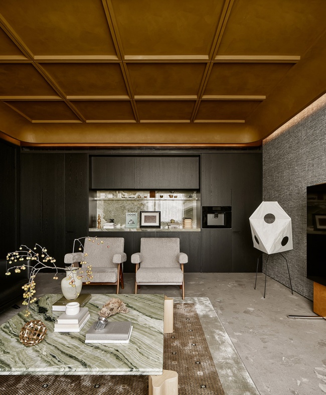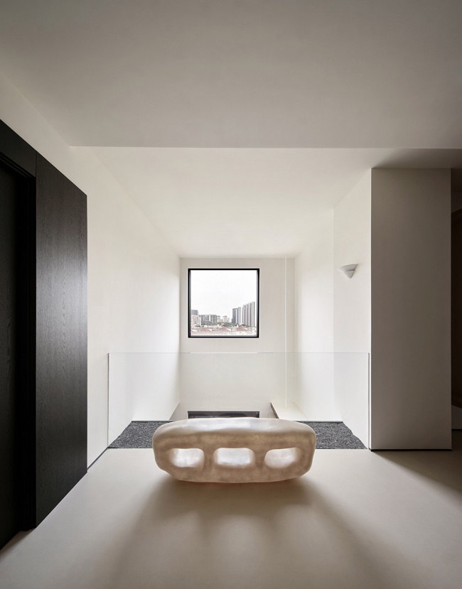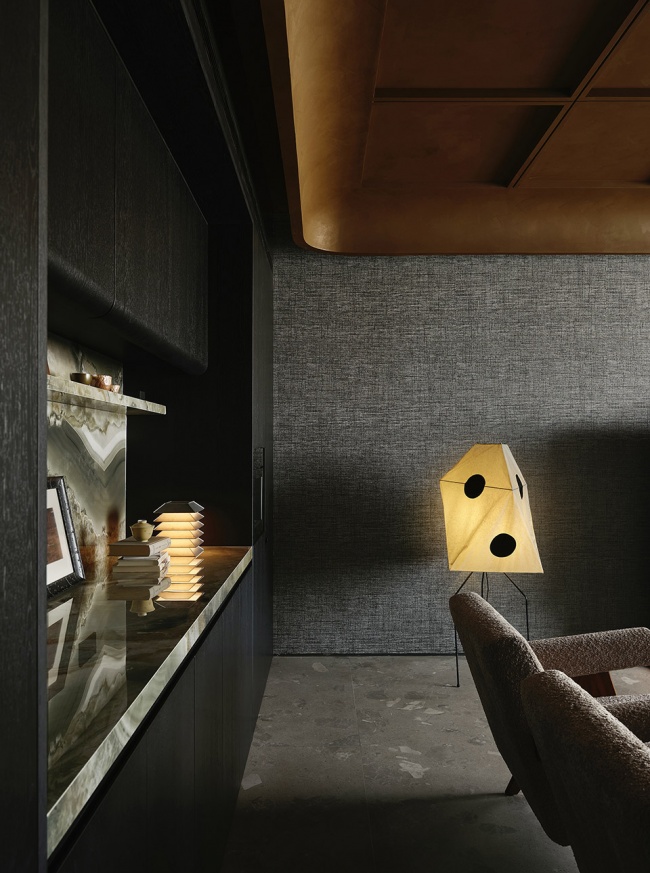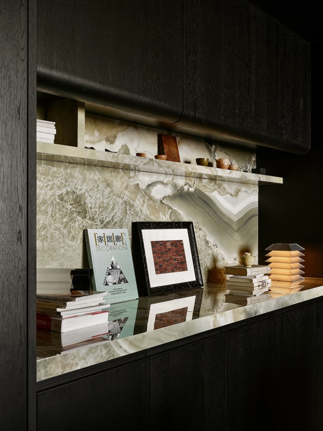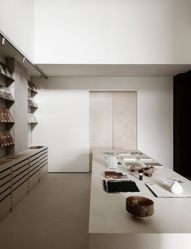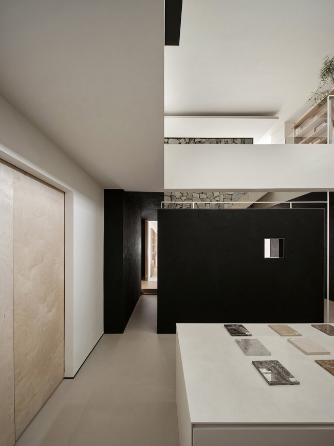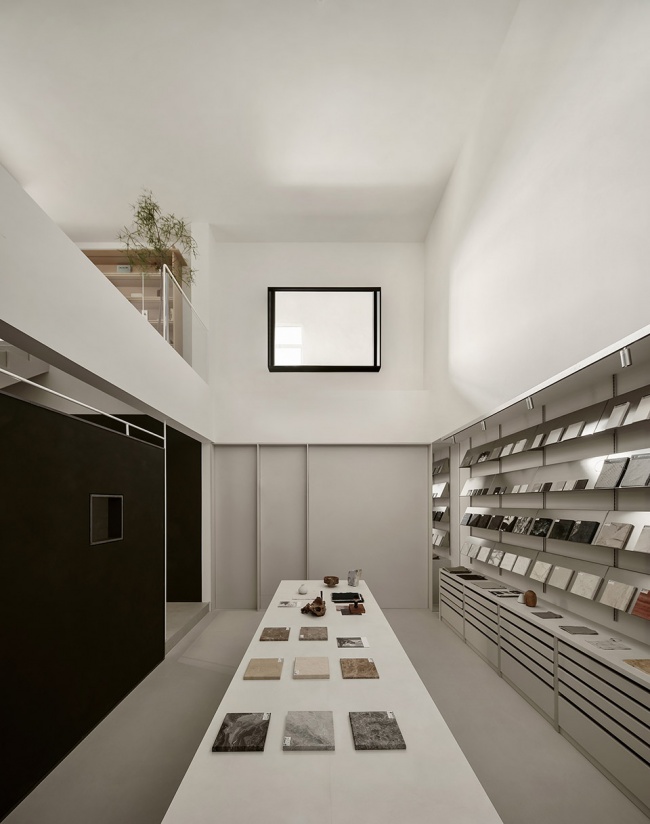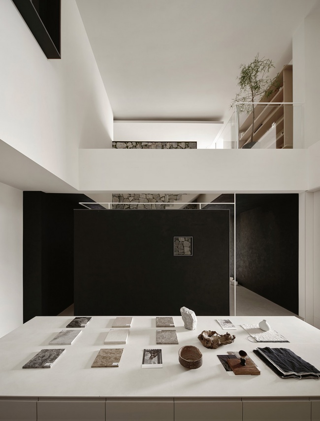 这里被定义为“灵感室”,是设计发生的原点。空间以挑空之姿向上延伸,两侧墙面的方形视口如几何画框,将自然光裁剪成片,倾泻而入。光线沿材质表面流动,掠过石材的冷峻、织物的柔软、木质的温润,以及金属的锐利。它们并非静默陈列,而是在光的作用下彼此对话,形成一场关于触觉与视觉的叙事。
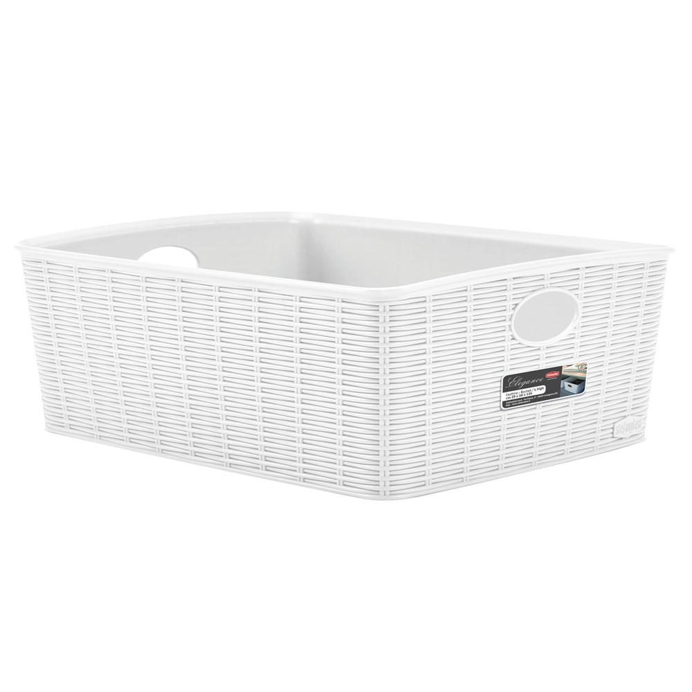 Shporta drejtkëndëshe nga linja Elegance, në ngjyrë të bardhë dhe në përmasën 36x29xH13 cm përshtatet si në tualet, në dhomë ose në kuzhinë. Shporta është një alternativë e shkëlqyer e shportave me thurje, që do të thotë ka një material plastik, që të jepë idenë e thurrjes por me një struktrë të thjeshtë dhe të lëmuar. Ky dizajn modern i kombinuar me vlerat e shërbimeve e bën shportën të përshtatet në mënyrë të përkryer në rregullimin e çdo hapësire të brendshme.
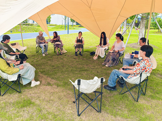 成員們圍坐于草坪上,依次輪流發言,分享自己精心挑選之書的閱讀心得,交流閱讀體驗?;蛏羁?、或詼諧、或感人肺腑的分享,讓現場氣氛逐漸熱烈。從《哲學家的最后一課》中對生命與死亡的深度思考,到《自卑與超越》里打破常規的自卑認知;從《什么都能拿來畫》的創意無限,到《正面管教》對教育理念的全新探索;從《人類群星閃耀時》的歷史輝煌,到《長安的荔枝》的故事精巧;從《蘇東坡傳》的人生豁達,到《烏合之眾》的群體心理剖析;從《等一朵花開》的治愈禪意,到《天才在左瘋子在右》的思維沖擊;從《精進》的時間管理智慧,到《兄弟》的人生深度刻畫;從《白夜行》的人性深淵凝視,到《教育的初心》與《給教師的建議》對教育本質的堅守,每一本書都是一扇窗,帶領大家走向不同的精神世界,拓寬思維邊界。
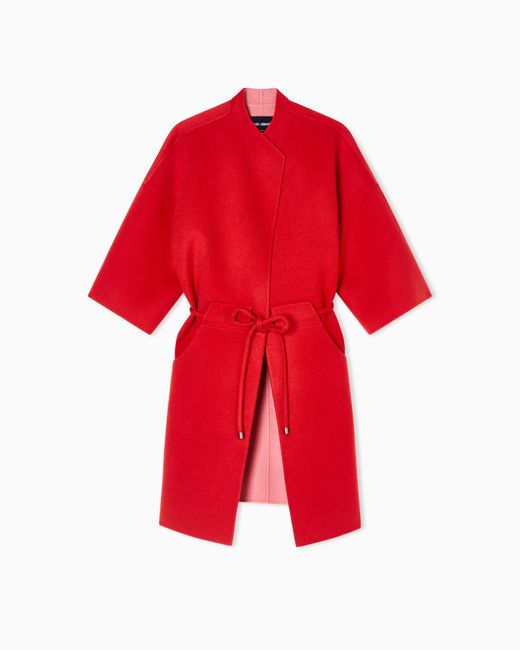 Cappotto realizzato lana vergine double, dai volumi morbidi e avvolgenti. Il modello, con collo montante e maniche a tre quarti, è chiuso in vita da una cintura in tubolare e si distingue per la particolarità dell'interno a contrasto. Una proposta dalla silhouette pulita e sofisticata, perfetto per adattarsi con disinvoltura a diverse occasioni. Il capo è parte della selezione Holiday, che spazia dai toni più caldi a quelli più freschi con sfumature di rosso corallo e grigi, colori che creano una palette raffinata e senza tempo. La collezione propone forme fluide e tessuti morbidi per un tocco di modernità che non rinuncia mai alla classicità e all'eleganza. Colore: rosso
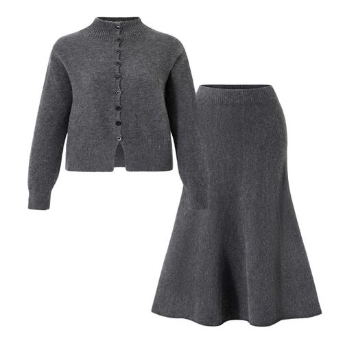 [GGPX]반하이넥 버튼 가디건 니트 롱 스커트 셋업 (GPDOW015D)
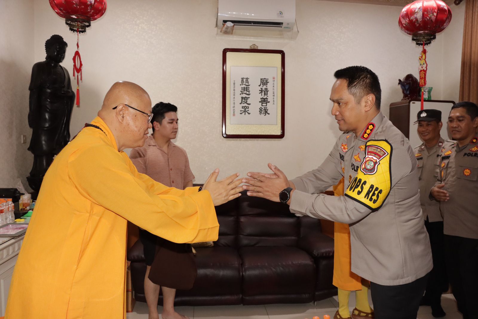 Kapolres Jakbar Tinjau Ibadah Imlek Di Vihara, Tokoh Agama Tionghoa Ikut Mendoakan Pemilu Aman Dan Damai
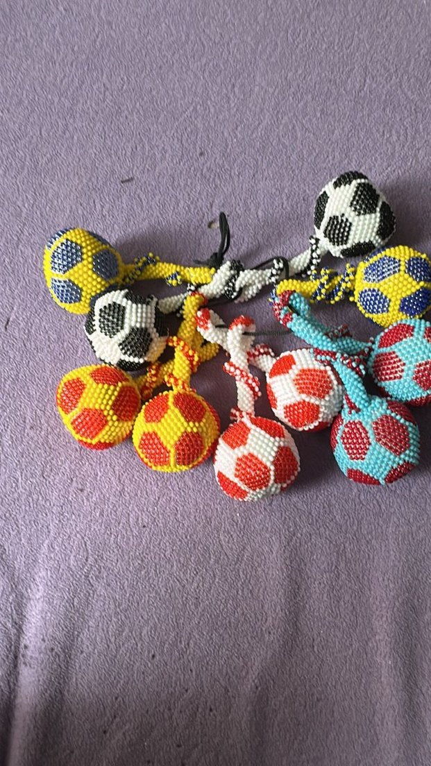 Yumuşak ipten yapılmış, farklı renklerde canlı desenlere sahip örgü top şeklinde anahtarlık seti. Kolay takılabilen halkası bulunur.
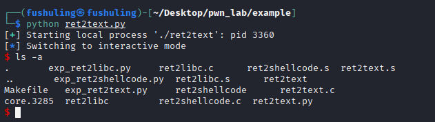 ret2:通过“返回”(return)指令来劫持控制流;shellcode:一段手工编写的二进制代码,执行某些攻击操作(如/bin/sh)。
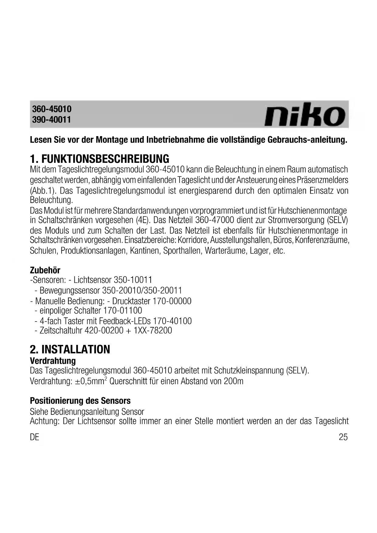 BEDIENUNGSANLEITUNG 36045010 Niko
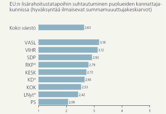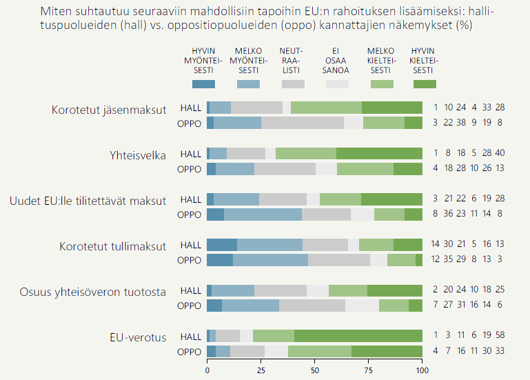 Puoluekohtaiset erot suhtautumisessa EU:n uusiin varoihin heijastavat näkemyseroja suhtautumisessa Suomen verotukseen. Oikeistopuolueet ja niiden äänestäjät suhtautuvat kaikkiin veroihin ja maksuihin vasemmistopuolueita kielteisemmin. Kriittisimmin kotimaisiin veroihin suhtautuvat perussuomalaisten äänestäjät, jotka ovat muita äänestäjäryhmiä kriittisempiä myös mahdollisia EU:n uusia rahoituskeinoja kohtaan. [11]
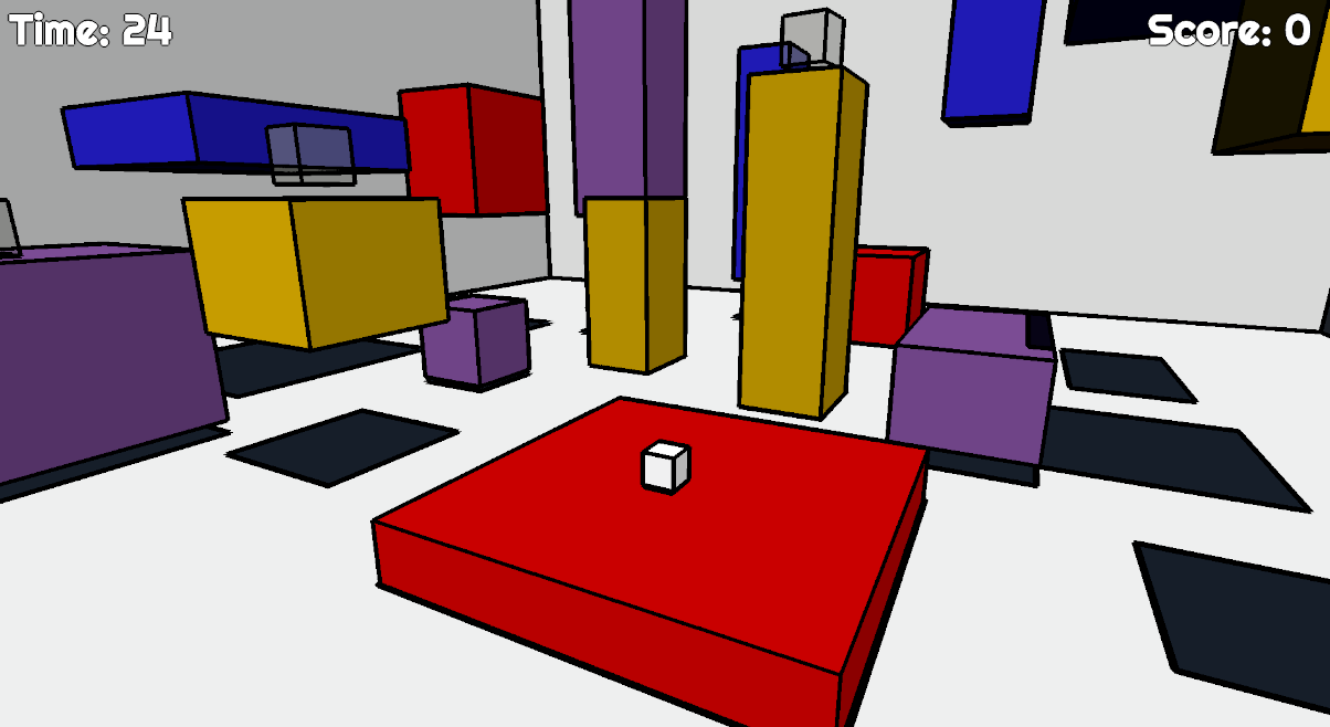 Collect the gray cubes before the time runs out and return to the starting platform to reset the timer. Every loop adds a void enemy replaying your previous round's actions, Be careful not to run in to them! Try to get the highest score you can.
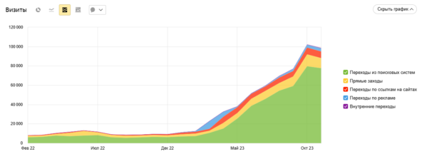 Причем, чтобы не было иллюзий – мы помечали нейростатьи специальными UTM-метками. Прямо отслеживали трафик именно на них. И да, именно они давали основной рост.
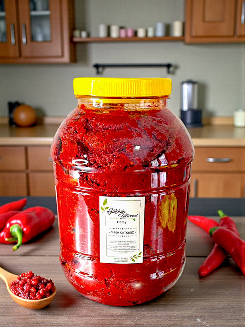 Kışlık hazırlıklar için en avantajlı seçim! Hatay'ın taze kapya biberlerinden, geleneksel yöntemlerle güneşte kurutularak hazırlanan Hatay Biber Salçası (5 kg); yoğun kıvamı, doğal rengi ve Acı/Tatlı seçenekleriyle büyük sofraların vazgeçilmezi.
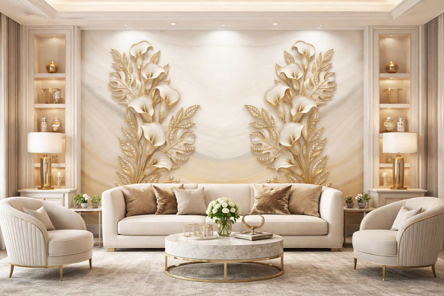 Елегантен луксозен фототапет със златни калии и фина симетрична композиция върху мек светъл фон. Създава усещане за баланс, светлина и изискан лукс, подходящ за спалня, хол или стилен хотелски интериор.
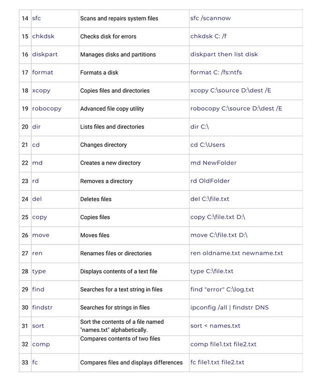| 17 | xcopy | 파일과 디렉토리를 복사합니다. | xcopy C:\Source D:\Dest /E |
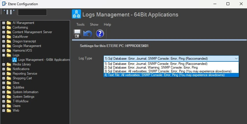 • Log Type 2 = Log to SQL database, include all verbosities information (Log Type 0 + 1). (This setting could result in system slowness)
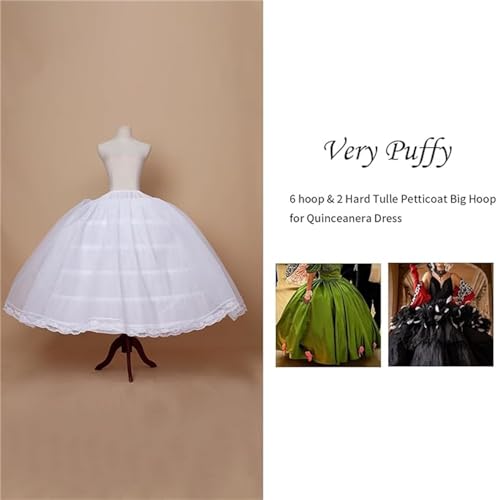 More information about Women Puffy Crinoline Petticoat 6 Hoop 2 Tulle Layers Skirt Slips Long Underskirt for Quinceanera Wedding Bridal Dress
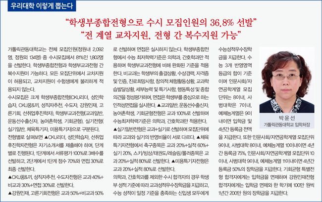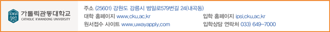 [대학저널 신효송 기자] 창학 63년을 맞이한 가톨릭관동대학교(총장 천명훈)는 대학 비전을 ‘미래가치를 디자인하는 창의실용교육 중심대학’으로 천명하고 대학발전을 위한 로드맵을 세밀하게 시행해 대학의 면모를 빠르게 변화시키고 있다.
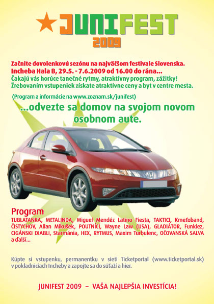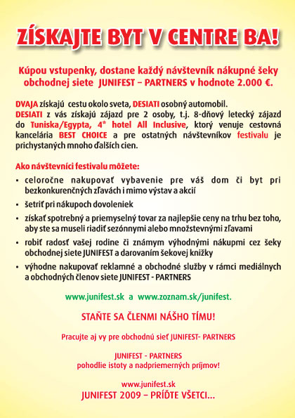 OD 1.6.2009 platí JEDEN lístok na JUNIFEST pre 2 OSOBY! Zoberte na festival svojich známych a bavte sa v príjemnom prostredí a pri výbornej hudbe. 2 návštevníci festivalu na JEDEN lístok !
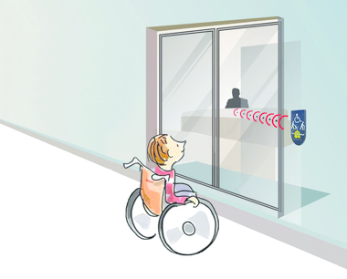 Allows persons with reduced mobility to advise their presence at the entrance to a store or any other building open to the public and signals their need for an...
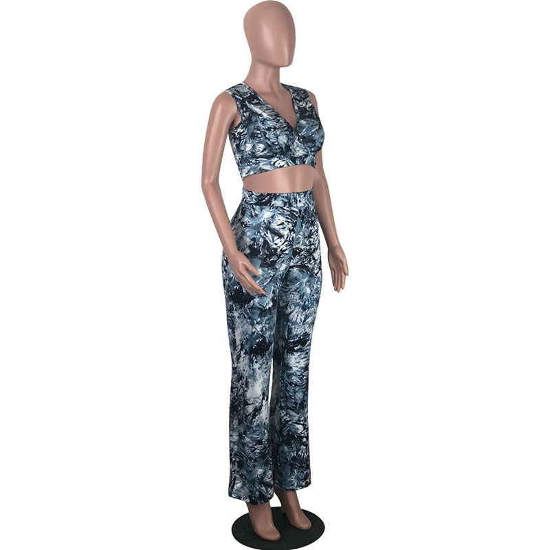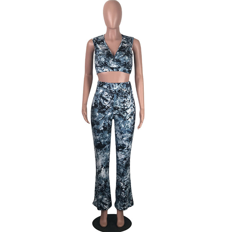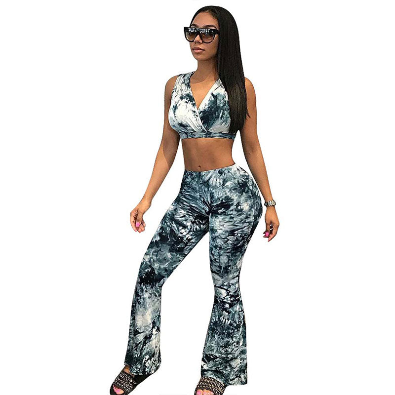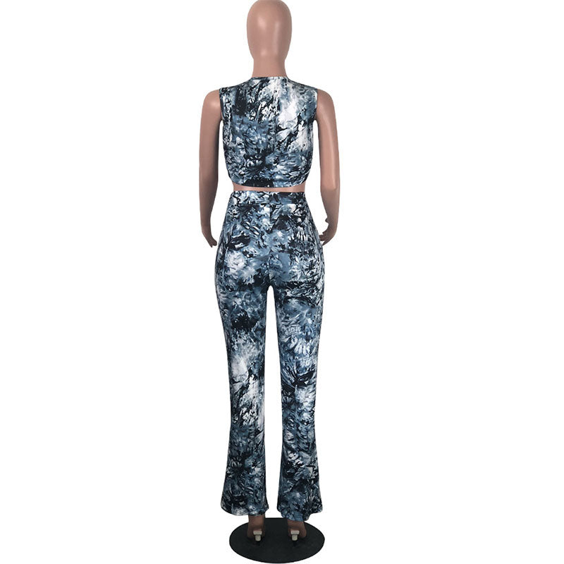 Printed, Vest, And, Flared, Pants Fashion Patchwork Multicolor Two-piece Pants Set,Irregular Printed Short Two-piece Set,Printed Vest And Flared Pants #Sexy Clubwear #Pant Sets #Vest #Two Piece #Printed Printed Vest And Flared...
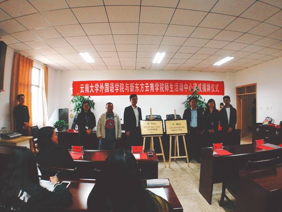 最后,学院领导与新东方云南学校相关人员一起为实习实训基地、师生活动中心揭牌,并合影留念。
==============================
• **Instructions for the task**: Reproduce the lines above beginning at the line that contains "Yumuşak ipten yapılmış, farklı" and ending at the line that contains "D:\Dest /E |". No pictures.

• **Solution below**:
 Yumuşak ipten yapılmış, farklı renklerde canlı desenlere sahip örgü top şeklinde anahtarlık seti. Kolay takılabilen halkası bulunur.
 ret2:通过“返回”(return)指令来劫持控制流;shellcode:一段手工编写的二进制代码,执行某些攻击操作(如/bin/sh)。
 BEDIENUNGSANLEITUNG 36045010 Niko
 Puoluekohtaiset erot suhtautumisessa EU:n uusiin varoihin heijastavat näkemyseroja suhtautumisessa Suomen verotukseen. Oikeistopuolueet ja niiden äänestäjät suhtautuvat kaikkiin veroihin ja maksuihin vasemmistopuolueita kielteisemmin. Kriittisimmin kotimaisiin veroihin suhtautuvat perussuomalaisten äänestäjät, jotka ovat muita äänestäjäryhmiä kriittisempiä myös mahdollisia EU:n uusia rahoituskeinoja kohtaan. [11]
 Collect the gray cubes before the time runs out and return to the starting platform to reset the timer. Every loop adds a void enemy replaying your previous round's actions, Be careful not to run in to them! Try to get the highest score you can.
 Причем, чтобы не было иллюзий – мы помечали нейростатьи специальными UTM-метками. Прямо отслеживали трафик именно на них. И да, именно они давали основной рост.
 Kışlık hazırlıklar için en avantajlı seçim! Hatay'ın taze kapya biberlerinden, geleneksel yöntemlerle güneşte kurutularak hazırlanan Hatay Biber Salçası (5 kg); yoğun kıvamı, doğal rengi ve Acı/Tatlı seçenekleriyle büyük sofraların vazgeçilmezi.
 Елегантен луксозен фототапет със златни калии и фина симетрична композиция върху мек светъл фон. Създава усещане за баланс, светлина и изискан лукс, подходящ за спалня, хол или стилен хотелски интериор.
| 17 | xcopy | 파일과 디렉토리를 복사합니다. | xcopy C:\Source D:\Dest /E |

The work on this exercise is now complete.